**Problem details:**
Starting at the top of the records, output every line through the one that contains "在江苏省心理学会主办的第四届", keeping each exactly as it appears.

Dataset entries
★ ★ ★ ★ ★
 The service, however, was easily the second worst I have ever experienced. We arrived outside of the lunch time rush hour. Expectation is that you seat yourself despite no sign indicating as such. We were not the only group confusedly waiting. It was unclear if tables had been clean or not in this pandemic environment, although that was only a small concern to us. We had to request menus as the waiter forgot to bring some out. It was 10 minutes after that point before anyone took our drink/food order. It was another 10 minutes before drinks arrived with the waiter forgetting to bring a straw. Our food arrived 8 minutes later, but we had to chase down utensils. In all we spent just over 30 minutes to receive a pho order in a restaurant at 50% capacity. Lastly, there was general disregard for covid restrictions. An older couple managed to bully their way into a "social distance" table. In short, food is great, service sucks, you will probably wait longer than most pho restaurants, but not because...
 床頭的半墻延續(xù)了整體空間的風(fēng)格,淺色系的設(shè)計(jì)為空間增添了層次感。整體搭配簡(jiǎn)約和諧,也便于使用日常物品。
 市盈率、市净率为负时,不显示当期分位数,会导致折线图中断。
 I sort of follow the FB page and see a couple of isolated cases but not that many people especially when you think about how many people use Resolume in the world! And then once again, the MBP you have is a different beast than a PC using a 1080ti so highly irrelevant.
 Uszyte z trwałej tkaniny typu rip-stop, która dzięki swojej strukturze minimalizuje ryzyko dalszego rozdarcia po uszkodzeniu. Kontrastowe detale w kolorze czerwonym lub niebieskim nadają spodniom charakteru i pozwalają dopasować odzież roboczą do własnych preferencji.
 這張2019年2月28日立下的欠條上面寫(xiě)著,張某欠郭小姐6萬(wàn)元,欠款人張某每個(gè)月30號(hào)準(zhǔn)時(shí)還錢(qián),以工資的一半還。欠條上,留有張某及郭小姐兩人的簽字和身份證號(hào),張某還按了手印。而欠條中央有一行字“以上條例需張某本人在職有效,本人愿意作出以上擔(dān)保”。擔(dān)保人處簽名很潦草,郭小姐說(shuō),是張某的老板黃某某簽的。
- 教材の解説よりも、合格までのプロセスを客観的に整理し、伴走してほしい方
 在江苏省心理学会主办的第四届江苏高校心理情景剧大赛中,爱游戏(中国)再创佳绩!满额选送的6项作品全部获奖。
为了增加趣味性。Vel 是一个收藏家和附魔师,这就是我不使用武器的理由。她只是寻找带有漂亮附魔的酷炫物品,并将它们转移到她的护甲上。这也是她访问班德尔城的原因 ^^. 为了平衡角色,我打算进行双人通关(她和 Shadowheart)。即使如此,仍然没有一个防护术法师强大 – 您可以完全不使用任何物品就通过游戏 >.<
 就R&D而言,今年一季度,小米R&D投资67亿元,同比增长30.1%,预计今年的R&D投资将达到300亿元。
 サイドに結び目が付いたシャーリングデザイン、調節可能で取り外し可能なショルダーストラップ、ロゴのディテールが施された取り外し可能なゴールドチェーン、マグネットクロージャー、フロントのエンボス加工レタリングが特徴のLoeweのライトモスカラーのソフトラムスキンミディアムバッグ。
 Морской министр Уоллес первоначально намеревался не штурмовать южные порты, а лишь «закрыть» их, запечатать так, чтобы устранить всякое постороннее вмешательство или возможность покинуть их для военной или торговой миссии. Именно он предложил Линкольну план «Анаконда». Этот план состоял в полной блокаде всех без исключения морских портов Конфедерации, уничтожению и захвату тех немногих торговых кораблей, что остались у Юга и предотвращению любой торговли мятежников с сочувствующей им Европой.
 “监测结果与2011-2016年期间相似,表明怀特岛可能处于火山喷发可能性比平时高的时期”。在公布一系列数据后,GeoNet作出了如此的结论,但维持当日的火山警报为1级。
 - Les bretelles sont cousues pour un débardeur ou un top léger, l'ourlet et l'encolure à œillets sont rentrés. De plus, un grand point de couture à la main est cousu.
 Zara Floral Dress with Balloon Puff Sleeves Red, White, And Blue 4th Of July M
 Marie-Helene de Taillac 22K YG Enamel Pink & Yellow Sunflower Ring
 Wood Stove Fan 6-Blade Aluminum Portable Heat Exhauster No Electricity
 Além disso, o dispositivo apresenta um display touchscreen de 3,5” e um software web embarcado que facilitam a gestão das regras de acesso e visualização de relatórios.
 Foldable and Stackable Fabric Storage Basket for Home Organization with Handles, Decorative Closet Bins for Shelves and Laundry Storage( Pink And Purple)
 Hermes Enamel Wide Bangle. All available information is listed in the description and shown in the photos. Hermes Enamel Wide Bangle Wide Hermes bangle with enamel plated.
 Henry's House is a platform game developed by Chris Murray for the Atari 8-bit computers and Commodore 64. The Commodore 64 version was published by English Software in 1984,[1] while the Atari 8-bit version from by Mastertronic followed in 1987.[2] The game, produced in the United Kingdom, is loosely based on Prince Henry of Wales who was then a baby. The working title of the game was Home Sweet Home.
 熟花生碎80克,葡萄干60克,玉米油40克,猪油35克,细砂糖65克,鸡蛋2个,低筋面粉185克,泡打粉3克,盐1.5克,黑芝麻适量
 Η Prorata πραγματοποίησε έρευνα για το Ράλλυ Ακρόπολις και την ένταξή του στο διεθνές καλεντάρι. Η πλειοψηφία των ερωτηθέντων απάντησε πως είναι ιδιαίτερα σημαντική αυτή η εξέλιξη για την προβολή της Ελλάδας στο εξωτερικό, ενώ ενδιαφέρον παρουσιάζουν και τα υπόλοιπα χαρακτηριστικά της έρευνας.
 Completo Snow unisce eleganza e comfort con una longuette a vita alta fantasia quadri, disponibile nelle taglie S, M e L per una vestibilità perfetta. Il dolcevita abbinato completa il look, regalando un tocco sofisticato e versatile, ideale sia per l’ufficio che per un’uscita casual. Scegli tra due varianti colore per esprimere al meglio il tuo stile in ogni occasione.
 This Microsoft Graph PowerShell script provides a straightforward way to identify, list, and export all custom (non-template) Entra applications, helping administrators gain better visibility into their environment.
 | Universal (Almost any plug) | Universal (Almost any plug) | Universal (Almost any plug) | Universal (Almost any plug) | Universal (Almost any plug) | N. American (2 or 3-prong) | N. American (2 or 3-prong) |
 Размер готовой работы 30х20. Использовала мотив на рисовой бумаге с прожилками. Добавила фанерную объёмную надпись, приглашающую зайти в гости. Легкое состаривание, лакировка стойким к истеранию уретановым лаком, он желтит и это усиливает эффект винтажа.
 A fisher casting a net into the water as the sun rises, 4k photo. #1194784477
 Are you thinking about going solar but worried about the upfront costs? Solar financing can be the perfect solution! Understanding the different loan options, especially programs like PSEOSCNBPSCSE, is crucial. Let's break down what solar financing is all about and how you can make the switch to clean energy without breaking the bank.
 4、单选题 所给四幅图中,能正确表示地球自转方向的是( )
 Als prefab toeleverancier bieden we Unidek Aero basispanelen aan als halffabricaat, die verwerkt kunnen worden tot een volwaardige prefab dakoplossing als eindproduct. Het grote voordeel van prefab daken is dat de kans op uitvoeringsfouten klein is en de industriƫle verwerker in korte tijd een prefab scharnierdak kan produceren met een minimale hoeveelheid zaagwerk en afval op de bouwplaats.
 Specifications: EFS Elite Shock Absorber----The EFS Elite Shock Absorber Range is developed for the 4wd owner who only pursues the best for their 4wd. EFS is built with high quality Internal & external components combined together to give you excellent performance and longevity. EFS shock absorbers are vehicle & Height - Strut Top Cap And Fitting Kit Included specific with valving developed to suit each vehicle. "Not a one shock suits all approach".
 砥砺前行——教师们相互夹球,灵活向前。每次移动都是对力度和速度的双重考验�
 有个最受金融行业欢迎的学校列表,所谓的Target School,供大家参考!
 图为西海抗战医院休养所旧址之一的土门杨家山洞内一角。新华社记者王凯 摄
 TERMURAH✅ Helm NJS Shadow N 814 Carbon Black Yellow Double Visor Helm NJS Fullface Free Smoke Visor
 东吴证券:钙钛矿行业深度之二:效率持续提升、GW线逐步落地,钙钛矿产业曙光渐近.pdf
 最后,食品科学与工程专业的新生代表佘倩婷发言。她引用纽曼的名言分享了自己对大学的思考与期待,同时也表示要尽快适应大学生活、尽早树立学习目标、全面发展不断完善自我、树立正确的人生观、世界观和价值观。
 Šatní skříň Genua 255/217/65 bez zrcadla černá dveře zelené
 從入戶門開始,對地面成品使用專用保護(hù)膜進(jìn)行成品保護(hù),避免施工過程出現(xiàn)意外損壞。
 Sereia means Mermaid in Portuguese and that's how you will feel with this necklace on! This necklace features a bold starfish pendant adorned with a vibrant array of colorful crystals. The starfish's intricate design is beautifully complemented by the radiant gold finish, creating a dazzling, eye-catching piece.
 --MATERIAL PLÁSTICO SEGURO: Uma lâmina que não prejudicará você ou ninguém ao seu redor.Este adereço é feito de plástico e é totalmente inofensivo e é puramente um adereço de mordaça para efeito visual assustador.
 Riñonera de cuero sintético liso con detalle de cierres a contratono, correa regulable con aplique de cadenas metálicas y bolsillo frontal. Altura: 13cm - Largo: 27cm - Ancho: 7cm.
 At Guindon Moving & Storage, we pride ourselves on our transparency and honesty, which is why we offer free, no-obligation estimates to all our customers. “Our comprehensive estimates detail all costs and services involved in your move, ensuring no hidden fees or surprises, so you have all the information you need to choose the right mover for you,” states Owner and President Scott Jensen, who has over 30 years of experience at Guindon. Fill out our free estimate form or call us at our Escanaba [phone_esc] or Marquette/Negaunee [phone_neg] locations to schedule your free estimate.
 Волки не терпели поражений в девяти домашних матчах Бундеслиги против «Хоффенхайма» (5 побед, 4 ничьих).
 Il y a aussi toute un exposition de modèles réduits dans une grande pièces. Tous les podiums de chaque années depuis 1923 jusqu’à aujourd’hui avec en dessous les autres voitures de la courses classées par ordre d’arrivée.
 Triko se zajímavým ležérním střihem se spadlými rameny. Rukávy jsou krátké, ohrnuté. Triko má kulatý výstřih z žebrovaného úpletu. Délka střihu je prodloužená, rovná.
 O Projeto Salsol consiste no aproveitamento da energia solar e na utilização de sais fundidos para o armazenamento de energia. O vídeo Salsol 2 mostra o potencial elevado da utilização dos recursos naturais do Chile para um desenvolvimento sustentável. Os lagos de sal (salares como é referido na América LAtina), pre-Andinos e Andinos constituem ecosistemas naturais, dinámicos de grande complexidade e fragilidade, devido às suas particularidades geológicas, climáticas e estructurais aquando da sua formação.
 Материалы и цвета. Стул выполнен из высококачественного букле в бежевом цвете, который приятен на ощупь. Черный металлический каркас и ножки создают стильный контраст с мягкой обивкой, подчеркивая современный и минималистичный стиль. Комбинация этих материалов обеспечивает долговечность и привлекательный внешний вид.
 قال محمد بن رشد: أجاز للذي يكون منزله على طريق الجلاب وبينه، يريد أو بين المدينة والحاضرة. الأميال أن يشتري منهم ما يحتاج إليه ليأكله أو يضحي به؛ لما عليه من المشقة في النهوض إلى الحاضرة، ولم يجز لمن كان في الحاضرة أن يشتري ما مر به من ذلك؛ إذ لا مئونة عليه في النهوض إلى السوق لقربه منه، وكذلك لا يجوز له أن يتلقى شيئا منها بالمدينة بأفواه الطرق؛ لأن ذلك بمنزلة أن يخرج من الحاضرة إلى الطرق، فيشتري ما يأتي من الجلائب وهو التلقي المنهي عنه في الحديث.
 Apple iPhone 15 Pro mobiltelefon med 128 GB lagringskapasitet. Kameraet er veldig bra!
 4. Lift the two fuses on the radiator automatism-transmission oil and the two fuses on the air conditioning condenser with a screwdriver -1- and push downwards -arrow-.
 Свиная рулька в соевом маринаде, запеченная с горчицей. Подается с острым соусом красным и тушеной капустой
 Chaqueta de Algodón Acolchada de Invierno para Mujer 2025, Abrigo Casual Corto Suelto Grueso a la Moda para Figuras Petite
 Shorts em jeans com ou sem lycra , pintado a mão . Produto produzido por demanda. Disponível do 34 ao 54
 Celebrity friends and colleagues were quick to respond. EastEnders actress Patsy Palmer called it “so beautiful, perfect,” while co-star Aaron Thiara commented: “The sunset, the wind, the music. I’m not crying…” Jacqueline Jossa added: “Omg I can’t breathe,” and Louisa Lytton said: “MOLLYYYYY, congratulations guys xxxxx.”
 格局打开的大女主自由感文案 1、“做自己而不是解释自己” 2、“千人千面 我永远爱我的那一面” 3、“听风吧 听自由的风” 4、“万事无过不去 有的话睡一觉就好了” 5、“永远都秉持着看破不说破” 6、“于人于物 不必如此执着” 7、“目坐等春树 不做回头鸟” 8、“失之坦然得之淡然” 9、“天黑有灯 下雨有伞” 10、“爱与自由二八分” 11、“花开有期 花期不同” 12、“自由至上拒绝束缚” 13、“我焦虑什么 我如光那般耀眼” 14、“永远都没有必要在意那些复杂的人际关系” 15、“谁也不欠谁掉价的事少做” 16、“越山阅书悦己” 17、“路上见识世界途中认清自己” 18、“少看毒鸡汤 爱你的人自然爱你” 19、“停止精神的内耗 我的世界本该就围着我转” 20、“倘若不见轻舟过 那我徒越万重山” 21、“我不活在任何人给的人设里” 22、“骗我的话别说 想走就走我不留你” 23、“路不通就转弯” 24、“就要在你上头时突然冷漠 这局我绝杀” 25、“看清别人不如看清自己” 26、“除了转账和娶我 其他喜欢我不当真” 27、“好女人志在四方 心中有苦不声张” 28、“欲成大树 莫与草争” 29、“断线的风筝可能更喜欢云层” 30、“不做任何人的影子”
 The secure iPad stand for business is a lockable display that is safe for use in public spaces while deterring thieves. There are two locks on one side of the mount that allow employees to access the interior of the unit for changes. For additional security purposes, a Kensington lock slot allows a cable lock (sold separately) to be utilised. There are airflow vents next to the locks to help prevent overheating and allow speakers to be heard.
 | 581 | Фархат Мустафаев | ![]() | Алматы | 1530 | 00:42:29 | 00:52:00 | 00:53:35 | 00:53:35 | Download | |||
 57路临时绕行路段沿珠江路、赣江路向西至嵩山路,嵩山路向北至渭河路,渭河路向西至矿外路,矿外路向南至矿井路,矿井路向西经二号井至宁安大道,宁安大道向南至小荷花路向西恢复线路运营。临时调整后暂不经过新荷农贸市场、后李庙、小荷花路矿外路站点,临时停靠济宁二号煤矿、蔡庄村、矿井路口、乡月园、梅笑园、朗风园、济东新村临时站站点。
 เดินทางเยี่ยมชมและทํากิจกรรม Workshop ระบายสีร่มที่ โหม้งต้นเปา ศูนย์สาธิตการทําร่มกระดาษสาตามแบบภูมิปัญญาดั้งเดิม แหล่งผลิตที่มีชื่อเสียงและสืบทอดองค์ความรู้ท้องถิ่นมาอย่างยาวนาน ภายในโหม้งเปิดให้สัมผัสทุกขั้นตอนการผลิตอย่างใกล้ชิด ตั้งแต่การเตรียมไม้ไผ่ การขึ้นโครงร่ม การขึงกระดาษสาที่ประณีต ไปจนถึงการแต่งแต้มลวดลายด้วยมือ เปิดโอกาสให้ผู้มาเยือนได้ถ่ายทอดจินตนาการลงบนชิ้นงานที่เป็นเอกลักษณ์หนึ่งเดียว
★ ★ ★ ★ ★
**Result of this task:**
 The service, however, was easily the second worst I have ever experienced. We arrived outside of the lunch time rush hour. Expectation is that you seat yourself despite no sign indicating as such. We were not the only group confusedly waiting. It was unclear if tables had been clean or not in this pandemic environment, although that was only a small concern to us. We had to request menus as the waiter forgot to bring some out. It was 10 minutes after that point before anyone took our drink/food order. It was another 10 minutes before drinks arrived with the waiter forgetting to bring a straw. Our food arrived 8 minutes later, but we had to chase down utensils. In all we spent just over 30 minutes to receive a pho order in a restaurant at 50% capacity. Lastly, there was general disregard for covid restrictions. An older couple managed to bully their way into a "social distance" table. In short, food is great, service sucks, you will probably wait longer than most pho restaurants, but not because...
 床頭的半墻延續(xù)了整體空間的風(fēng)格,淺色系的設(shè)計(jì)為空間增添了層次感。整體搭配簡(jiǎn)約和諧,也便于使用日常物品。
 市盈率、市净率为负时,不显示当期分位数,会导致折线图中断。
 I sort of follow the FB page and see a couple of isolated cases but not that many people especially when you think about how many people use Resolume in the world! And then once again, the MBP you have is a different beast than a PC using a 1080ti so highly irrelevant.
 Uszyte z trwałej tkaniny typu rip-stop, która dzięki swojej strukturze minimalizuje ryzyko dalszego rozdarcia po uszkodzeniu. Kontrastowe detale w kolorze czerwonym lub niebieskim nadają spodniom charakteru i pozwalają dopasować odzież roboczą do własnych preferencji.
 這張2019年2月28日立下的欠條上面寫(xiě)著,張某欠郭小姐6萬(wàn)元,欠款人張某每個(gè)月30號(hào)準(zhǔn)時(shí)還錢(qián),以工資的一半還。欠條上,留有張某及郭小姐兩人的簽字和身份證號(hào),張某還按了手印。而欠條中央有一行字“以上條例需張某本人在職有效,本人愿意作出以上擔(dān)保”。擔(dān)保人處簽名很潦草,郭小姐說(shuō),是張某的老板黃某某簽的。
- 教材の解説よりも、合格までのプロセスを客観的に整理し、伴走してほしい方
 在江苏省心理学会主办的第四届江苏高校心理情景剧大赛中,爱游戏(中国)再创佳绩!满额选送的6项作品全部获奖。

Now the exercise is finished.